What needs to be done - All lines from the one containing "ビーズ刺繍のブローチ・ネックレス・バッグチャームの3wayです。" through the final line of the listing below, and no others, must be returned exactly; no pictures belong in the copy.

Material provided -
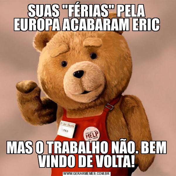 SUAS "FÉRIAS" PELA EUROPA ACABARAM ERIC MAS O TRABALHO NÃO. BEM VINDO DE VOLTA!
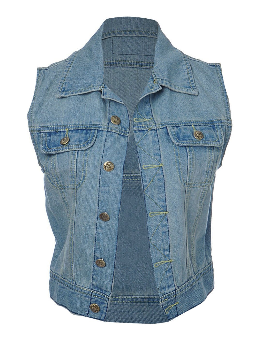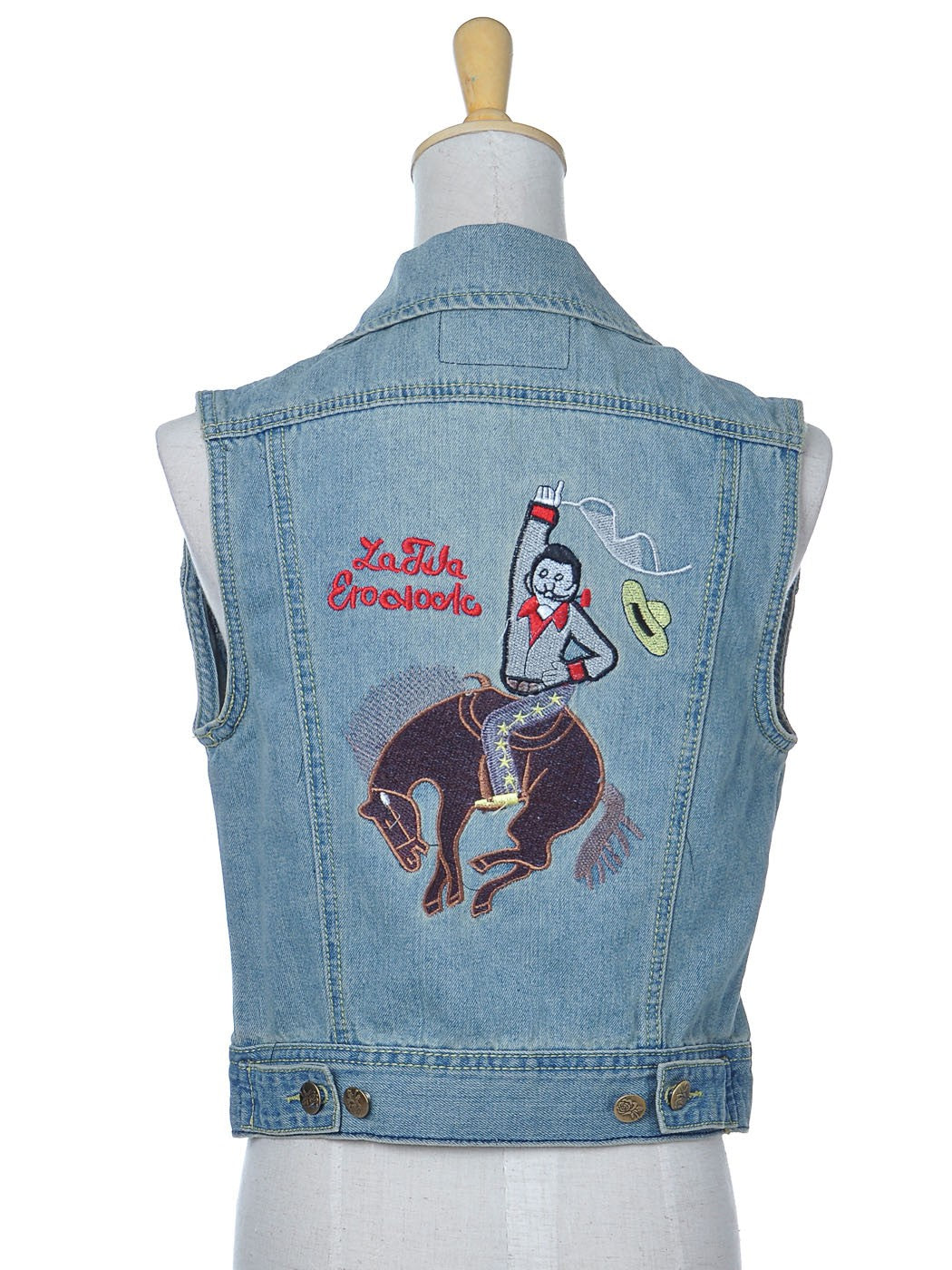 Chaleco corto de mezclilla azul arenado con corte S/M y vaquero de montar en la espalda
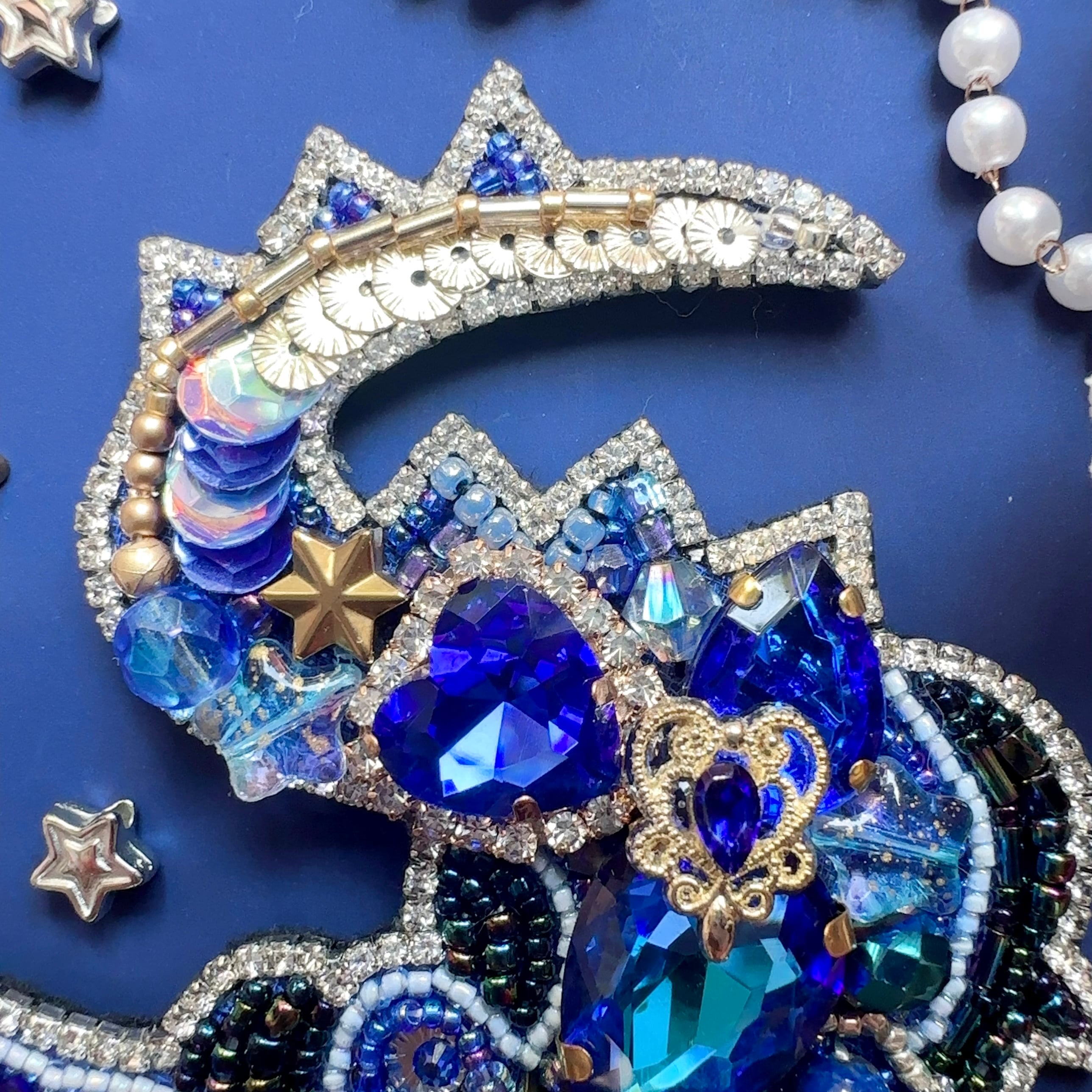 ビーズ刺繍のブローチ・ネックレス・バッグチャームの3wayです。
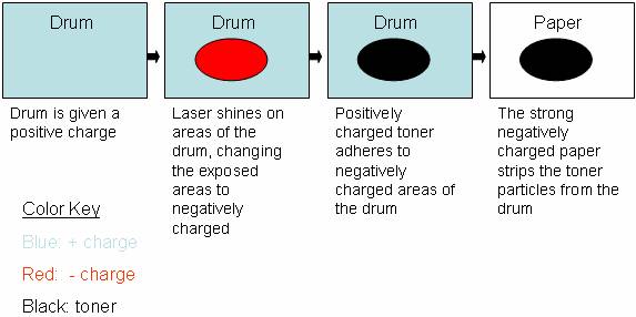 Then, the paper is given a strong negative charge (stronger than that of the drum) and is slid beneath the drum. Since the paper has a stronger negative charge than the drum, it takes the toner off of the drum so that the pattern from the drum is translated to the paper. Then, the paper goes through the fuser and the toner particles are fused into the paper.

Expected output -
 ビーズ刺繍のブローチ・ネックレス・バッグチャームの3wayです。
 Then, the paper is given a strong negative charge (stronger than that of the drum) and is slid beneath the drum. Since the paper has a stronger negative charge than the drum, it takes the toner off of the drum so that the pattern from the drum is translated to the paper. Then, the paper goes through the fuser and the toner particles are fused into the paper.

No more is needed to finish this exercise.